When the cell r4c1 doesn't contain the value 9, the chain is self-contradicting.
Therefore, the cell r4c1 must contain the value 9.


The subtle link here is r1c2=<7|9>=r5c2. When r1c2 doesn't contain a 7, {r1c1,r1c2,r2c1,r3c2} contain {1,3,6,9} in such a way that the 9 in Column 2 must lie in r1c2 or r3c2 - therefore, r5c2 cannot contain a 9.

That seems like *such* a non-elegant alternative, I'm surprised you would even propose it. Why not just use bennys' elimination of candidate 1 in r1c1? It's elegant and eminently easier to understand IMO.

[edit: OK, OK, I see now that "r4c1-<9|1>-r1c1" is a re-syntaxed "r4c1+<9|1>+r1c1". But "r1c2=<7|9>=r5c2" meaning, if I've got this right, ... if r1c2<>7, then r5c2<>9 ... well, that's the epitome of obfuscation.]

[ronk]

when you consider the cell r1c8, we can also apply the BUG principle to say that r1c8 = 9.

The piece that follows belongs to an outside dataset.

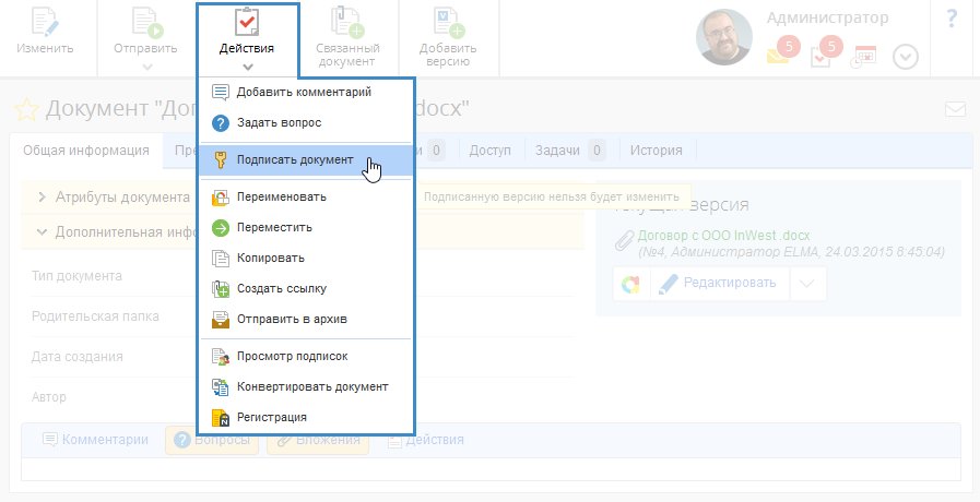 Рис. 2. Контекстное меню версии документа. Кнопка "Подписать"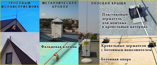 Помимо соединения в единую сетку проводники также необходимо надежно закрепить на кровле. Быстрее, проще и надежнее осуществлять эти операции, используя специальные держатели, зажимы, соединители, молниеприемные стержни и другие комплектующие систем молниезащиты известных производителей с большим опытом работы в этой области: OBO Betterman, Dehn-Sohne, Galmar или Elko-Bis. В этом случае будет учтен фактор сочетаемости различных материалов самой системы молниезащиты и особенности строительных материалов здания.

Doesn't that imply that for each of the alternate candidates, r1c8=4 and r1c8=5, we would end up with a grid of only filled cells and bivalued cells? That doesn't happen for either of the alternates. Rather ... contradictions are the result.

[Carcul]

Hi Ronk.

Doesn't that imply that for each of the alternate candidates, r1c8=4 and r1c8=5, we would end up with a grid of only filled cells and bivalued cells?

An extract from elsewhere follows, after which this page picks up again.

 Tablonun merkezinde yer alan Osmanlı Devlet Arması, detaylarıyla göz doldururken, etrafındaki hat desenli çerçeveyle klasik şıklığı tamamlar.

No. That imply that if r1c8<>9, then r1c8=4,5 and we would have a grid with only filled cells and bivalue cells with no elimination possible. This would mean that the grid could have more than one solution, which, in principle, is not what we want. So, r1c8 must be 9 in order for the grid have only one solution.

Regards, Carcul

[ronk]

Doesn't that imply that for each of the alternate candidates, r1c8=4 and r1c8=5, we would end up with a grid of only filled cells and bivalued cells?

No. That imply that if r1c8<>9, then r1c8=4,5 and we would have a grid with only filled cells and bivalue cells with no elimination possible.

You're right, of course. That's why trivalues are presented by some as "45+9", for example.